Billy Kirton

Personal information
- Full name: William John Kirton
- Date of birth: 2 December 1895
- Place of birth: Cradley Heath, England
- Date of death: 27 September 1970 (aged 74)
- Place of death: Sutton Coldfield, England
- Position: Inside forward

Senior career*
- Years: Team / Apps / (Gls)
- Pandon Temperance
- 1919: Leeds City / 1 / (0)
- 1919–1928: Aston Villa / 261 / (59)
- 1928–1929: Coventry City / 16 / (0)
- Kidderminster Harriers

International career
- 1921: England / 1 / (1)

= Billy Kirton =

English footballer

William John Kirton (2 December 1895 – 27 September 1970) was a footballer in the early years of professional football in England, who played over 200 games for Aston Villa and is best known for scoring the only goal in the 1920 FA Cup Final.

==Career==
Kirton was born in Cradley Heath. He was a member of the Temperance Society and played for Pandon Temperance before joining Leeds City in May 1919. After Kirton had played only one game for the club, City went out of business and he was transferred to Aston Villa for £500 in October 1919.
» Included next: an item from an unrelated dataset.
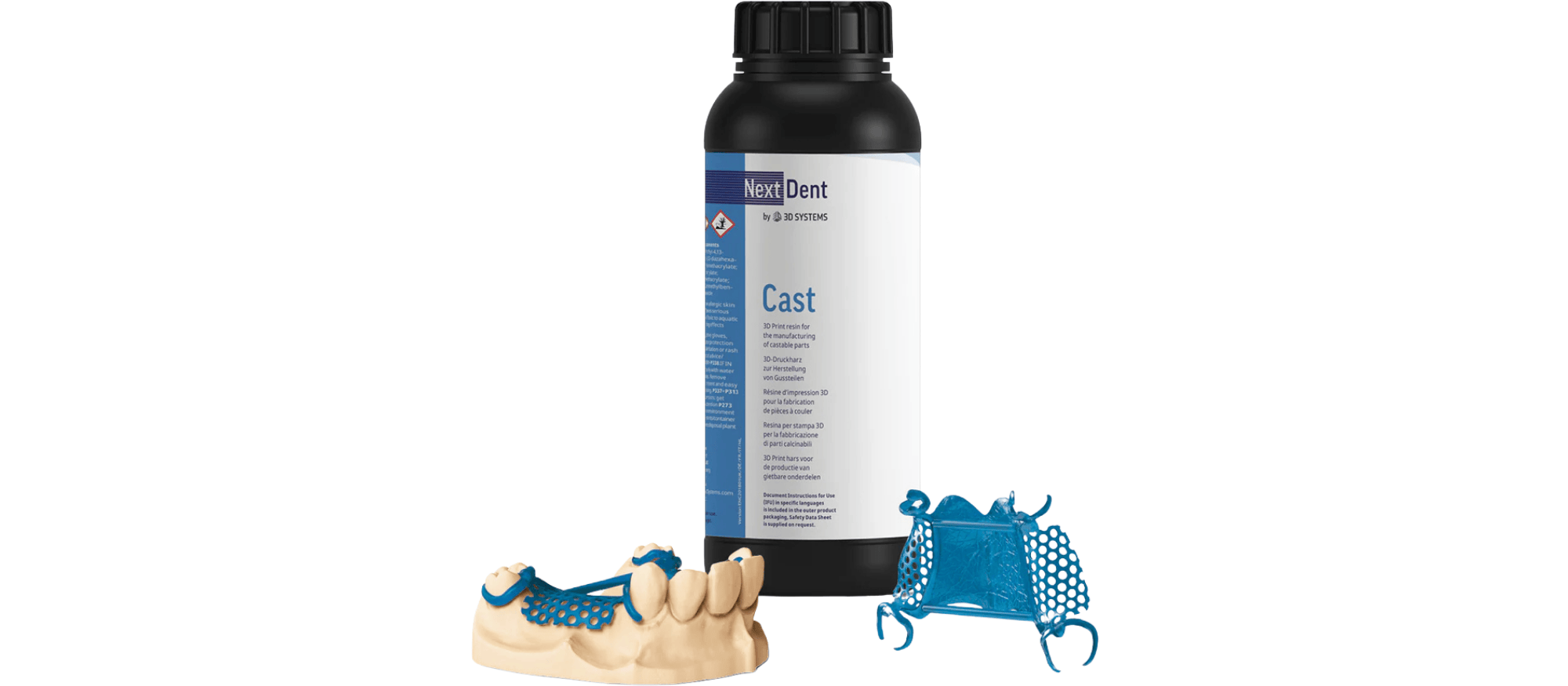 Our new NextDent Cast is an improved easy burn out 3D printing material, residue-free and suited for all kinds of purposes like a support structure, frame or orthodontic devices. The new Cast offers higher elongation and improved combustion and printability resulting in enhanced stability.

He played 261 matches for Aston Villa. He travelled to Sweden with Villa on their first foreign tour.

In the 1919–20 season Aston Villa enjoyed a successful run in the FA Cup beating QPR (2-1), Manchester United (2-1), Sunderland (1-0), Tottenham Hotspur (1-0) and Chelsea (3-1).
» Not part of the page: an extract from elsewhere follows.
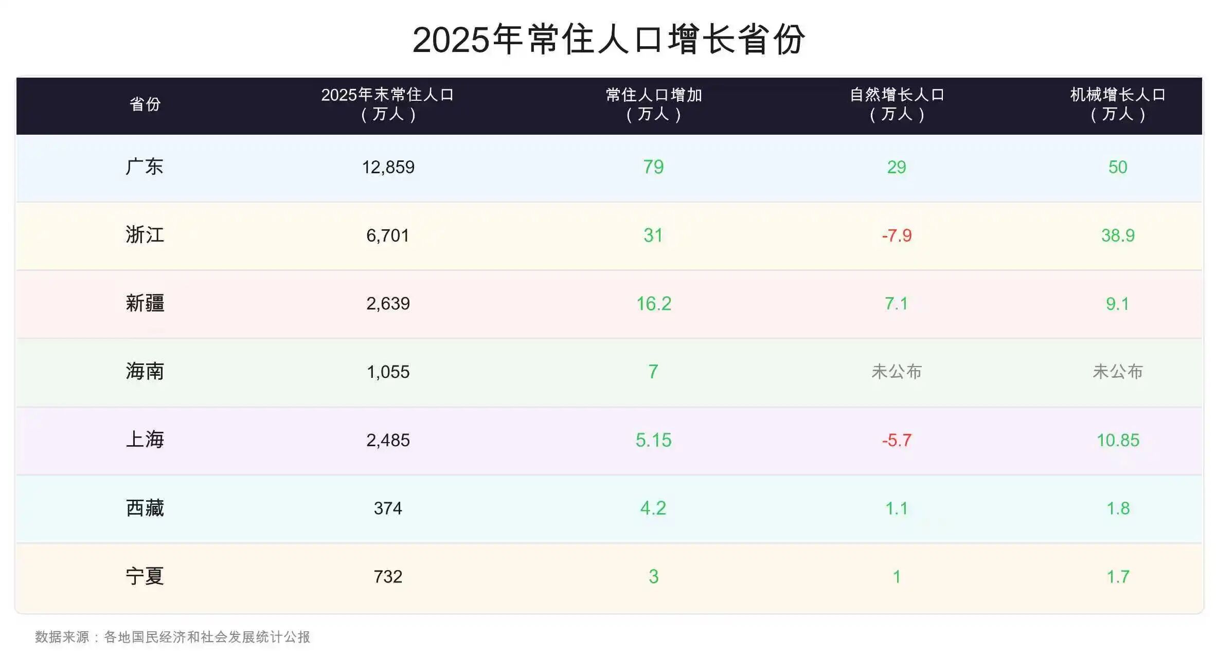在这份人口成绩单上,常住人口实现增长的7个省份最为亮眼。其中,广东以新增79万人的规模,继续稳居人口第一大省之位,总人口约1.28亿。其增长是“双轮驱动”的典型:全年出生人口100.3万,带来29万人的自然增长;同时,省外净流入人口约50万。

Aston Villa played Huddersfield Town in the final at Stamford Bridge. Kirton scored the only goal of the game and Villa won the cup for the sixth time in its history.

Kirton, a talented inside-forward, formed a productive partnership with Clem Stephenson. He scored 59 goals in 261 appearances before signing for Coventry City in September 1928. However, he failed to score for his new club in 16 games and left to join Kidderminster Harriers.

Kirton won his first and only international cap for England against Northern Ireland on 22 October 1921, scoring England's only goal in a 1–1 draw. After retiring from professional football, Kirton ran a newsagent's shop in Great Barr, Birmingham.

A teetotaller and non-smoker, Kirton died in Sutton Coldfield on 27 September 1970.